═══ Data for this task

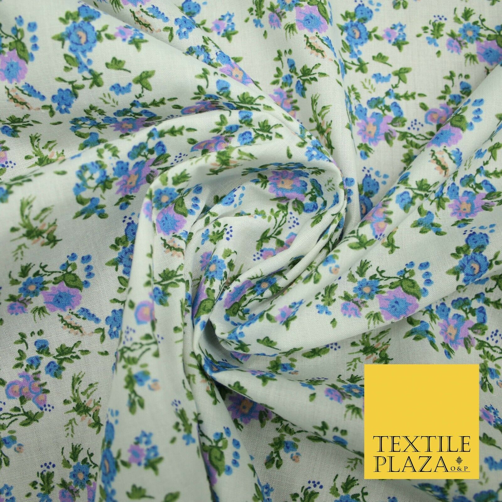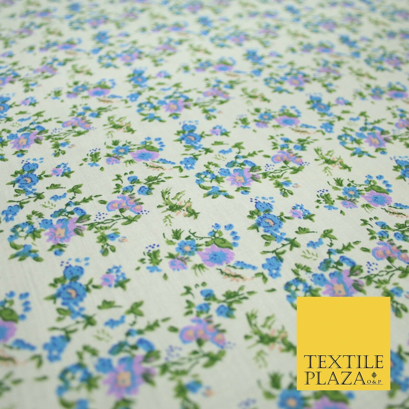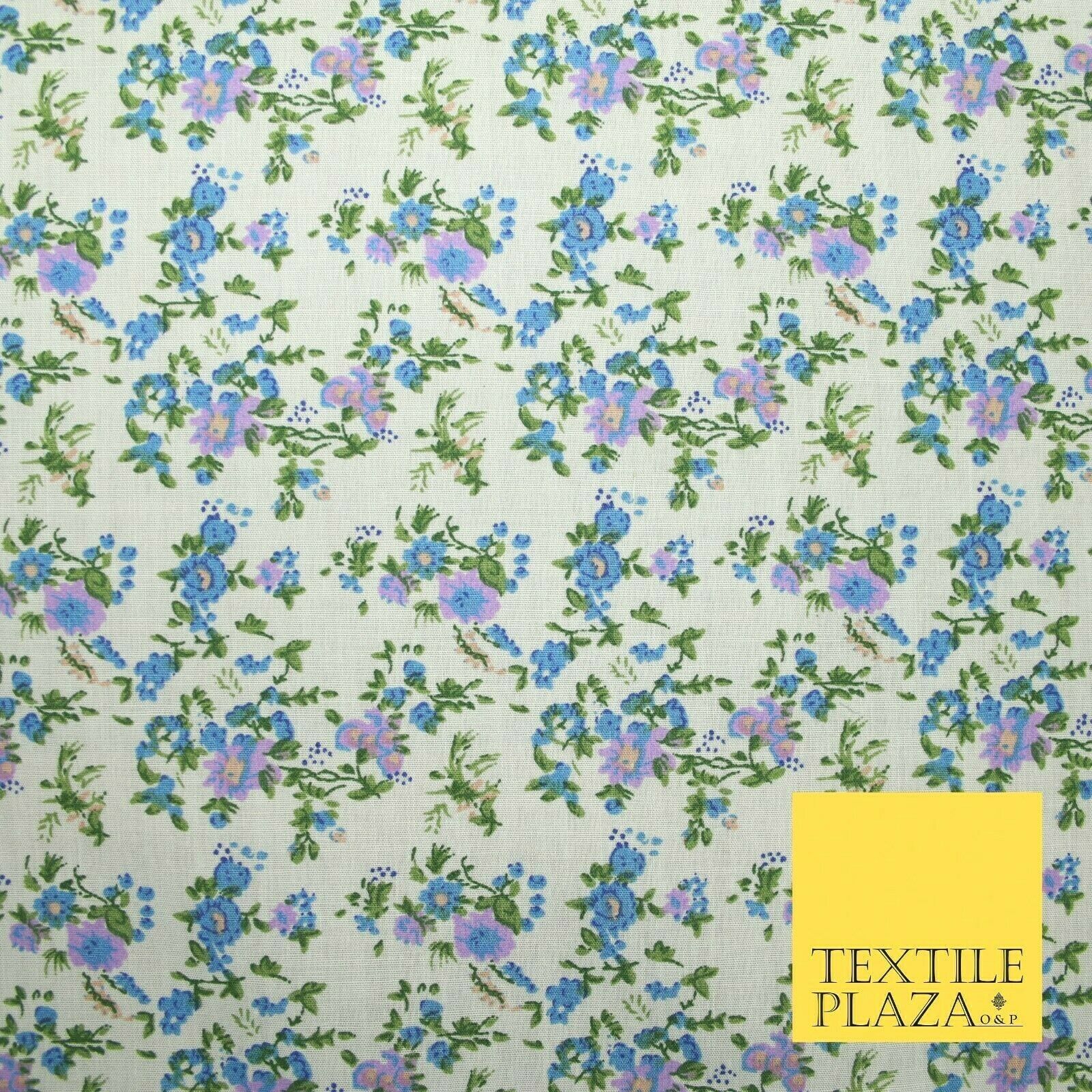 Ivory Blue Purple Mini Floral Printed Polycotton Fabric Dress Craft 44" 5168
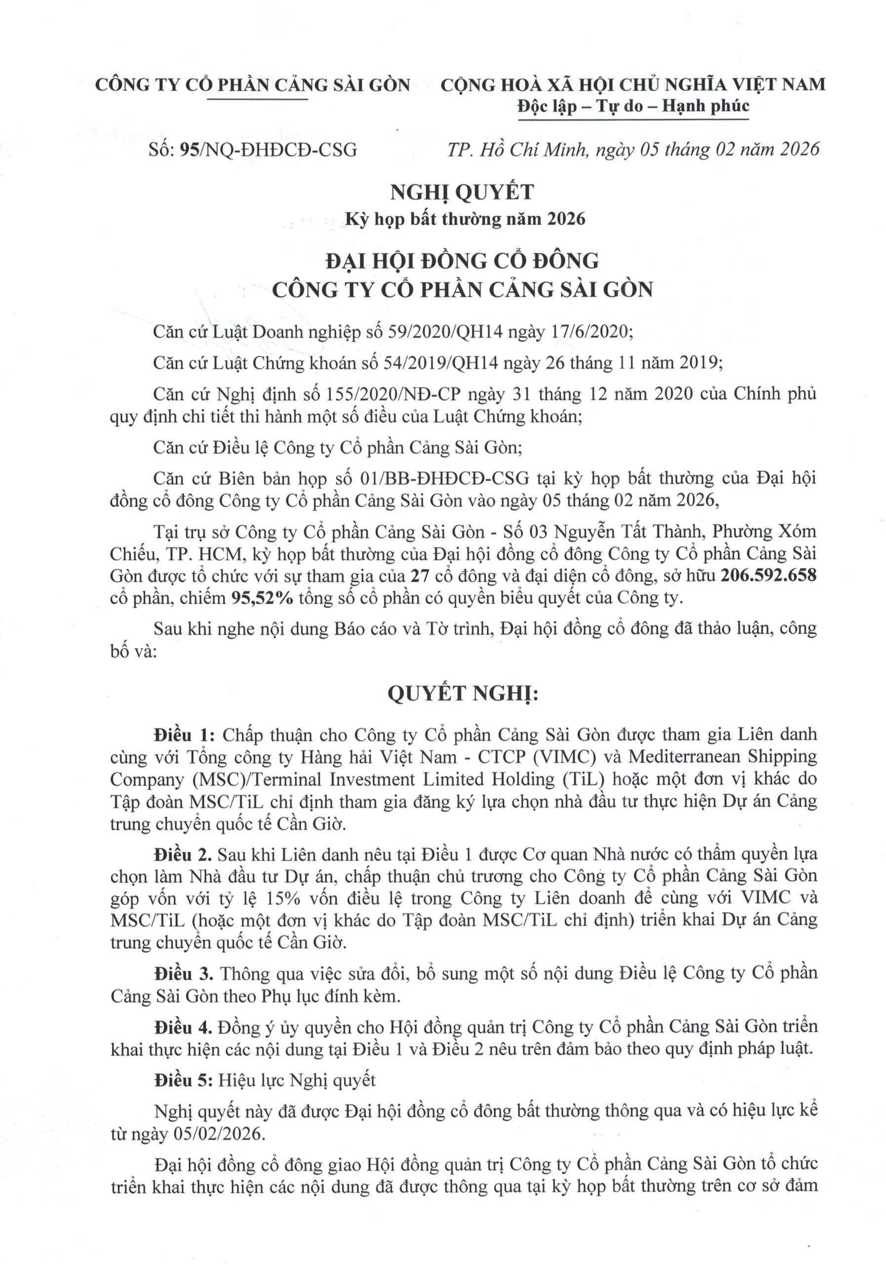 Công bố thông tin về thay đổi thời gian tổ chức kỳ họp bất thường năm 2026 của Đại hội đồng cổ đông Công ty Cổ phần Cảng Sài Gòn 28/01/2026
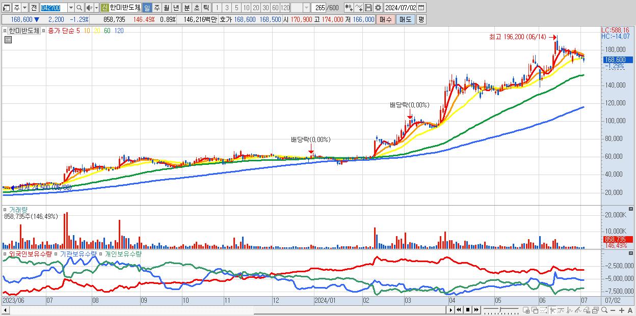 - 한미반도체 (168,600원 ▼ -1.29% , 시총: 163,531억, 거래량: 858,735, 거래대금:1,462억)
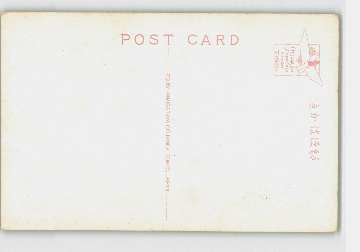 平井房人 草原で編み物少女 アート絵葉書 *傷み有り
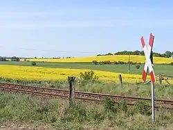 Kreuzung geradeaus oben (Strecke geradeaus außer Betrieb)Strecke von rechts
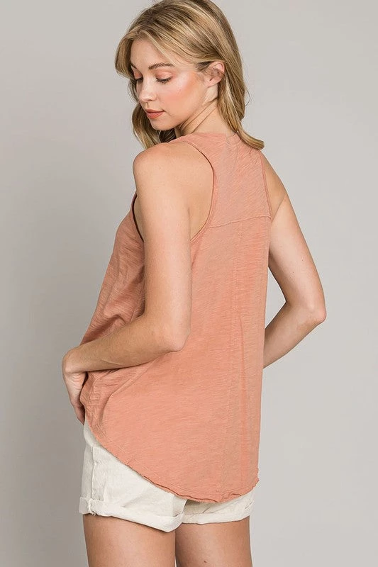 Are you looking for that stylish and carefree tank top to pair with your favorite denim? You will love our rust colored v neck dye cotton tank top
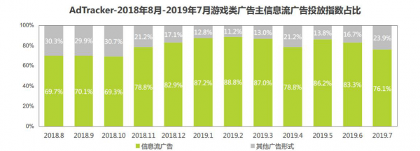 报告显示,自2018年8月起,信息流广告在游戏类广告主投放行为中的占比由69.7%逐渐升至88.8%(2019年2月),兼具原生性与精准触达特点的信息流广告已然成为了游戏广告厂商的首选。
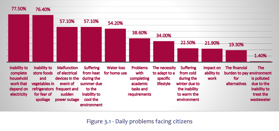 Dengan kondisi ini, sulit dibayangkan bagaimana kondisi warga Gaza yang dalam keadaan terbatas, terus mengalami kesulitan dalam mengakses listrik untuk kebutuhan hidup sehari-hari. Mereka sering mengeluhkan tidak dapat menjalani rutinitas harian yang bergantung listrik di segala aktivitas, mulai dari mengangkut dan menyimpan makanan, bekerja, pendidikan, kesehatan, dan komunikasi. Bahan makanan dan sayuran menjadi busuk dan terbuang karena tidak bisa disimpan di lemari pendingin. Kerusakan alat elektronik juga terjadi akibat pemadaman listrik yang terus terjadi. Pada musim panas, warga Gaza menderita akibat kipas angin dan pendingin ruangan yang tidak berfungsi karena seringnya terjadi pemadaman listrik. Tabel berikut ini menggambarkan permasalahan yang dihadapi oleh penduduk Gaza akibat krisis listrik yang melanda mereka.
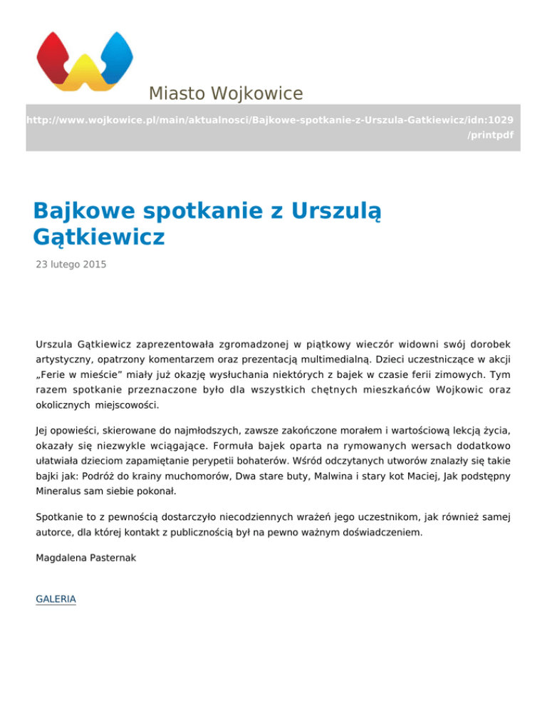 Miasto Wojkowice http://www.wojkowice.pl/main/aktualnosci/Bajkowe-spotkanie-z-Urszula-Gatkiewicz/idn:1029 /printpdf Bajkowe spotkanie z Urszulą Gątkiewicz 23 lutego 2015 kategoria: Wojkowice Urszula Gątkiewicz zaprezentowała zgromadzonej w piątkowy wieczór widowni swój dorobek artystyczny, opatrzony komentarzem oraz prezentacją multimedialną. Dzieci uczestniczące w akcji „Ferie w mieście” miały już okazję wysłuchania niektórych z bajek w czasie ferii zimowych. Tym razem spotkanie przeznaczone było dla wszystkich chętnych mieszkańców Wojkowic oraz okolicznych miejscowości. Jej opowieści, skierowane do najmłodszych, zawsze zakończone morałem i wartościową lekcją życia, okazały się niezwykle wciągające. Formuła bajek oparta na rymowanych wersach dodatkowo ułatwiała dzieciom zapamiętanie perypetii bohaterów. Wśród odczytanych utworów znalazły się takie bajki jak: Podróż do krainy muchomorów, Dwa stare buty, Malwina i stary kot Maciej, Jak podstępny Mineralus sam siebie pokonał. Spotkanie to z pewnością dostarczyło niecodziennych wrażeń jego uczestnikom, jak również samej autorce, dla której kontakt z publicznością był na pewno ważnym doświadczeniem. Magdalena Pasternak GALERIA
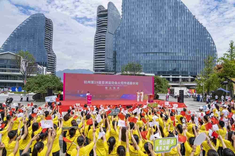 ↑這是杭州亞運(yùn)會(huì)火炬?zhèn)鬟f麗水站收火儀式現(xiàn)場(chǎng)。
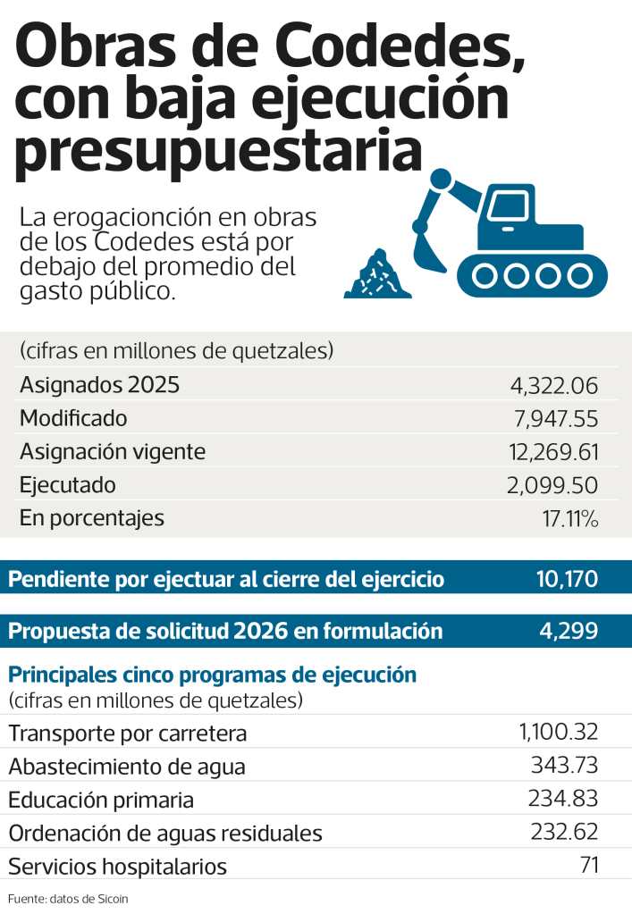 Con base en la información disponible del Minfin, los Codedes tienen asignados Q12 mil 269.61 millones, de los cuales han ejecutado Q2 mil 99 millones, equivalente al 17.11%.
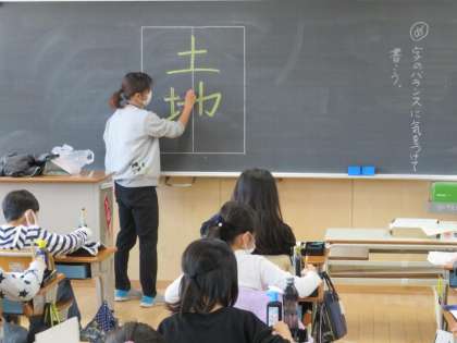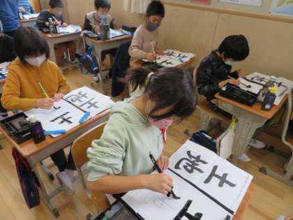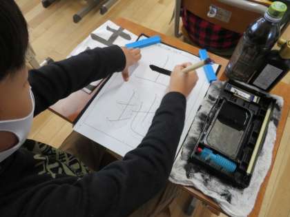 文字の左右の組み立てに気を付けて書きます。筆を入れる場所、筆を離す場所を記した用紙で、まずは練習です。
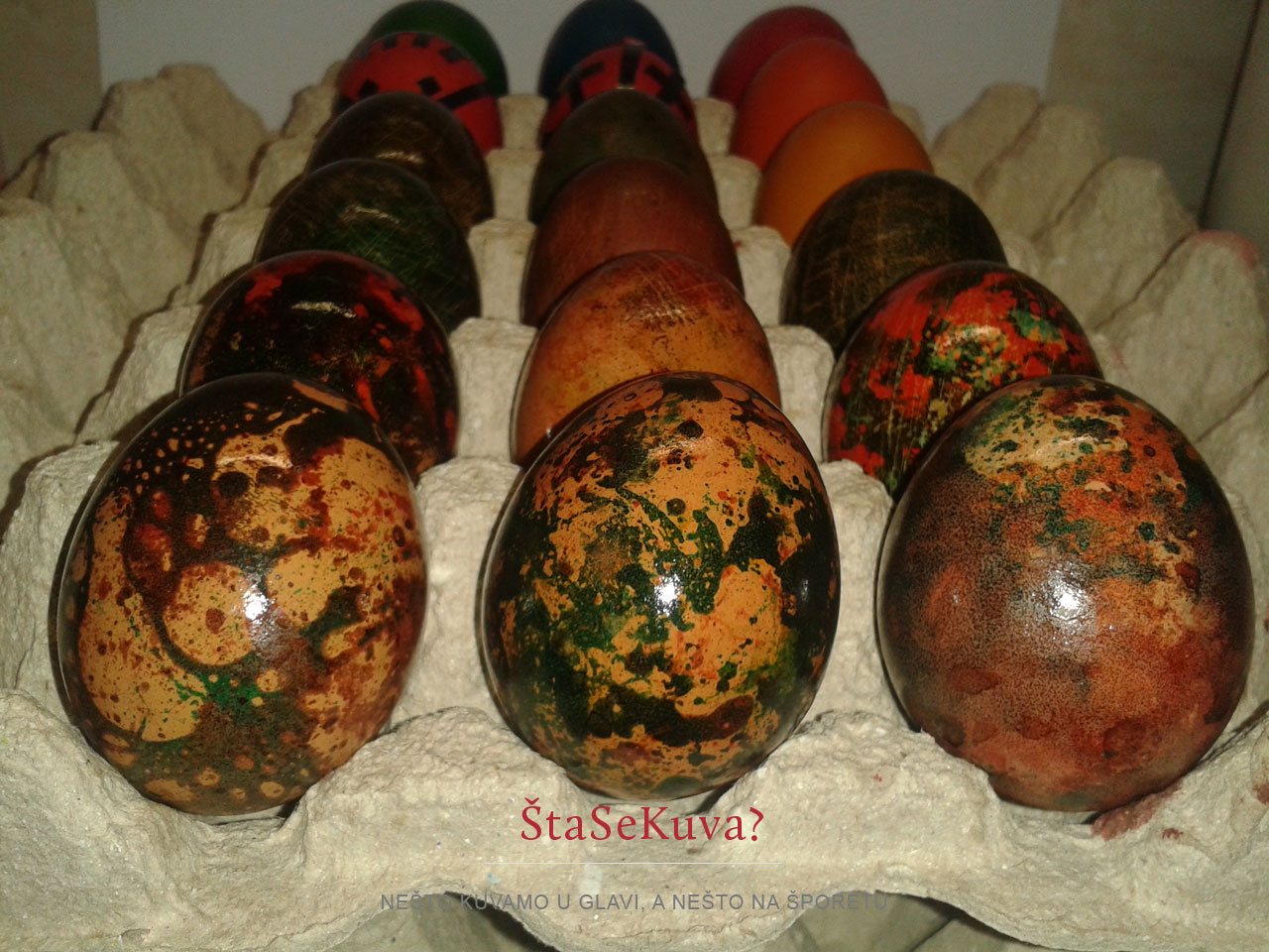 Meni se ovo jako dopada i ove godine ću jaja sigurno farbati baš ovako. Ukoliko vam je ova tehnika suviše jednostavna, potražite na internetu i primenite neku od, rekla bih milion, najrazličitijih tehnika farbanja jaja… Što bi rekli, ko voli, nek izvoli… ja sam ipak za klasiku, uz varijacije na temu 🙂
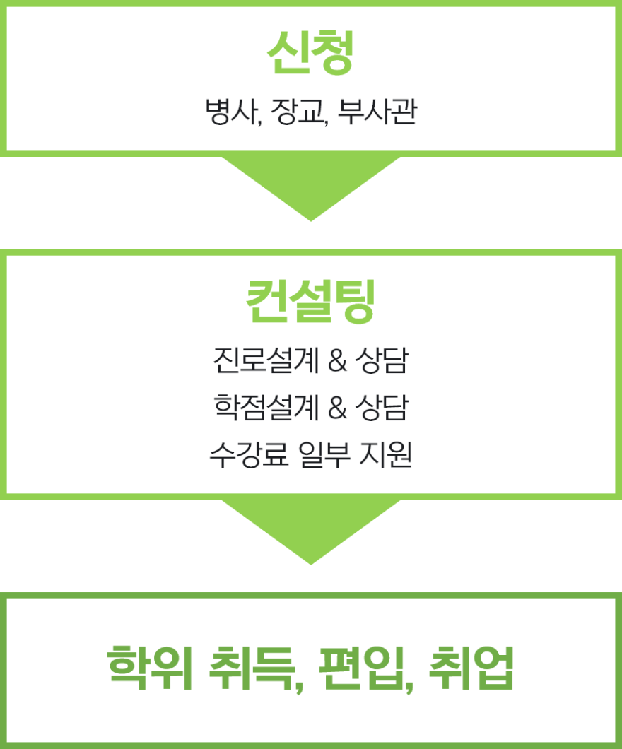 군 생활 기간 내 학위(전문학사, 학사, 석사) 취득 및 편입준비
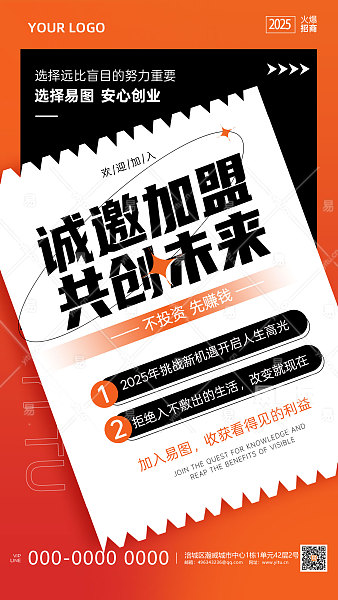 橙红色大气创意风格招商手机文案海报
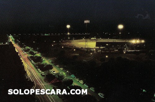 Stadio Adriatico di Pescara in notturna in una cartolina del 1965.
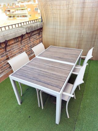 Conjunto de mesa y cuatro sillas. Mesa de Ikea con estructura de metal y soporte de sombrilla, con parte superior independiente (se puede cambiar) de madera. Las sillas son modelo Lea de Bauhaus en color crema / beige. La estructura de la mesa está en perfecto estado, la madera tiene un tono más calido pero aparece mojada por la lluvia en las fotos. Las sillas están en perfecto estado, sin marcas ni arañazos. Precio por separado: Sillas: 90€ por las cuatro Mesa: 50€ Precio del conjunto: 120€
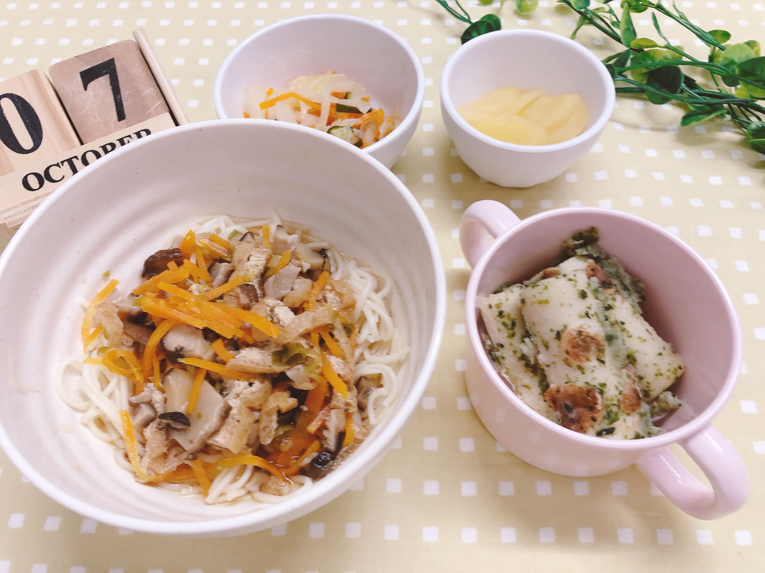 具材には干しシイタケ、人参、油揚げ、万能ねぎをたっぷり使用した具だくさんスープを合わせました。だしのうま味を引き立てるため、細めのそうめんをチョイス。子どもたちは「つるつるして食べやすい!」と夢中で口に運び、おかわりの声がたくさん聞こえました。体が温まり、野菜も自然に摂れる一品です。
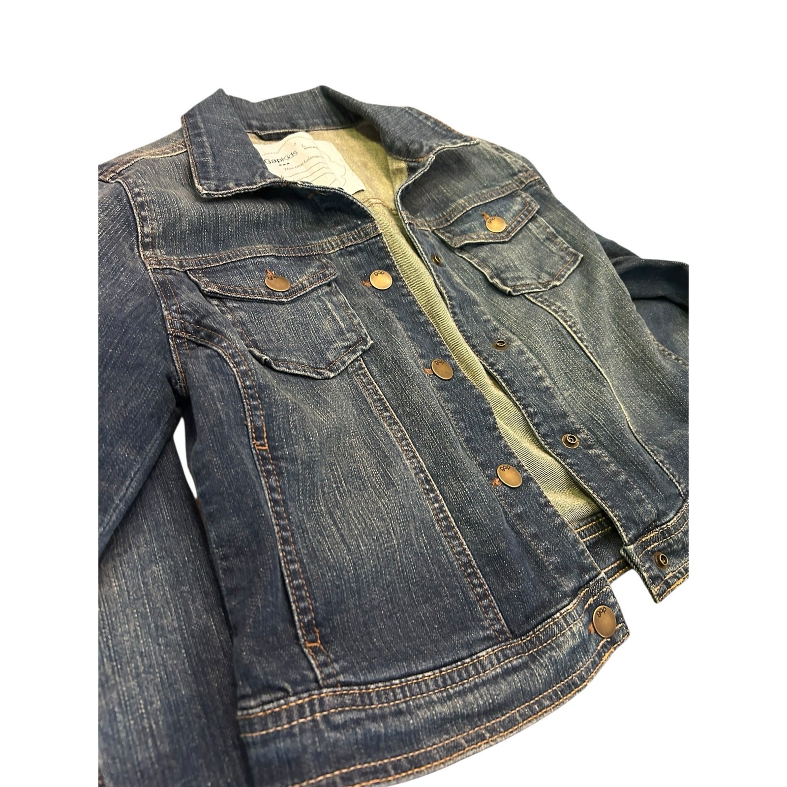 как выглядит Gap Kids Girls L Denim Jacket  Medium/Dark Wash, Classic Button Front фото

══════

### Work task
Copy out exactly the material that runs from the line with "报告显示,自2018年8月起" to the line with "Dengan kondisi ini, sulit", ends included, and leave the pictures behind.

### Task solution
 报告显示,自2018年8月起,信息流广告在游戏类广告主投放行为中的占比由69.7%逐渐升至88.8%(2019年2月),兼具原生性与精准触达特点的信息流广告已然成为了游戏广告厂商的首选。
 Dengan kondisi ini, sulit dibayangkan bagaimana kondisi warga Gaza yang dalam keadaan terbatas, terus mengalami kesulitan dalam mengakses listrik untuk kebutuhan hidup sehari-hari. Mereka sering mengeluhkan tidak dapat menjalani rutinitas harian yang bergantung listrik di segala aktivitas, mulai dari mengangkut dan menyimpan makanan, bekerja, pendidikan, kesehatan, dan komunikasi. Bahan makanan dan sayuran menjadi busuk dan terbuang karena tidak bisa disimpan di lemari pendingin. Kerusakan alat elektronik juga terjadi akibat pemadaman listrik yang terus terjadi. Pada musim panas, warga Gaza menderita akibat kipas angin dan pendingin ruangan yang tidak berfungsi karena seringnya terjadi pemadaman listrik. Tabel berikut ini menggambarkan permasalahan yang dihadapi oleh penduduk Gaza akibat krisis listrik yang melanda mereka.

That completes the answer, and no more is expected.